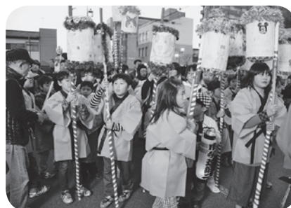
◀古河提灯竿もみまつり (子どもパレード)
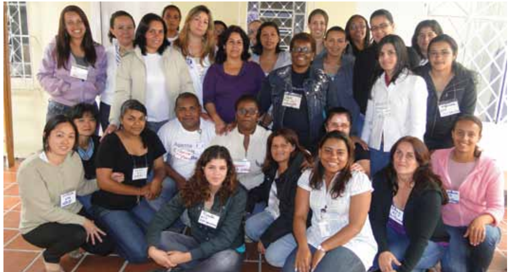
Equipe de Profissionais do Município de Mogi das Cruzes integrada e preparada para um novo trabalho
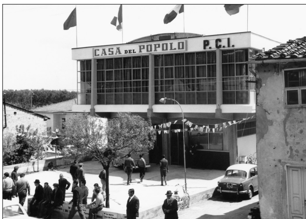
1° Maggio del 1968: inaugurazione della Casa del Popolo.
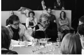
The Creation: On Cosmogony and Cosmology —de eerste Causerie op 2 juni 2012.

Lemmelijn (Professor Theologie, Katholieke Universiteit Leuven) en Francis Wolff (Professor Filosofie, École Normale Supérieure Paris) richtten zich op het idee van de schepping, benaderd vanuit zowel religie en mythologie als de ontwikkelingen binnen de moderne wetenschap.
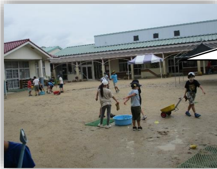
みんなで園庭の水たまりをなくそう!
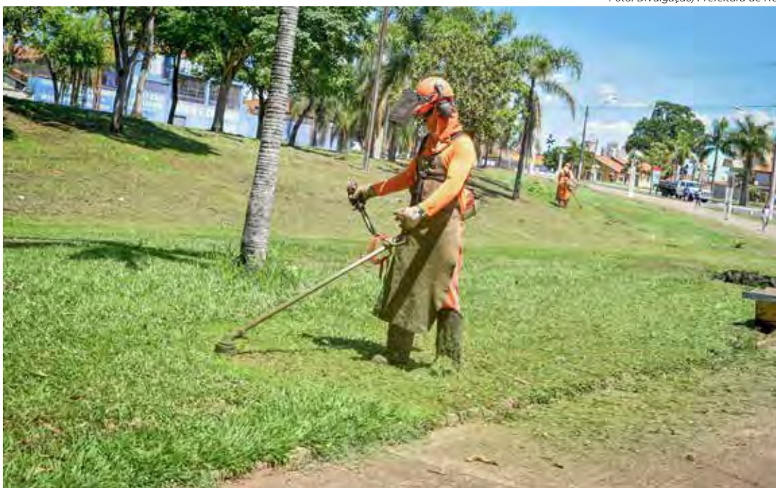
Serviços foram realizados na terça-feira
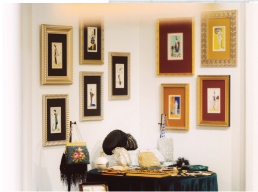
訪談當下，舊香居藝空間正在展出「時尚服裝畫的黃金時期」，牆上掛著一幀幀 20 世紀之交、巴黎高級訂製服設計師的版畫作品。

現在龍泉店大半空間用來擺賣線裝書和古籍珍本，羅斯福路巷子內的臺大店賣一般的文史哲書；師大路巷子內還有另外一個空間，專門辦藝文展覽，就是希望創造更多分享和交流。浩宇說，他們會製作精美的展刊，每一檔展覽最長要花上六個月籌備。
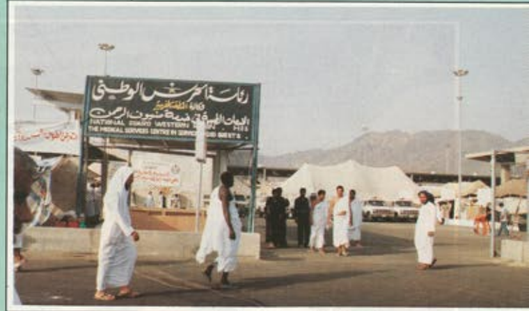
أحد المراكز الطبية التابعة للحرس الوطني في منى

Task item: Repeat the lines from the line containing "Serviços foram realizados na terça-feira" through the end of the material above exactly, with no pictures and nothing else.

Task output:
Serviços foram realizados na terça-feira
訪談當下，舊香居藝空間正在展出「時尚服裝畫的黃金時期」，牆上掛著一幀幀 20 世紀之交、巴黎高級訂製服設計師的版畫作品。

現在龍泉店大半空間用來擺賣線裝書和古籍珍本，羅斯福路巷子內的臺大店賣一般的文史哲書；師大路巷子內還有另外一個空間，專門辦藝文展覽，就是希望創造更多分享和交流。浩宇說，他們會製作精美的展刊，每一檔展覽最長要花上六個月籌備。
أحد المراكز الطبية التابعة للحرس الوطني في منى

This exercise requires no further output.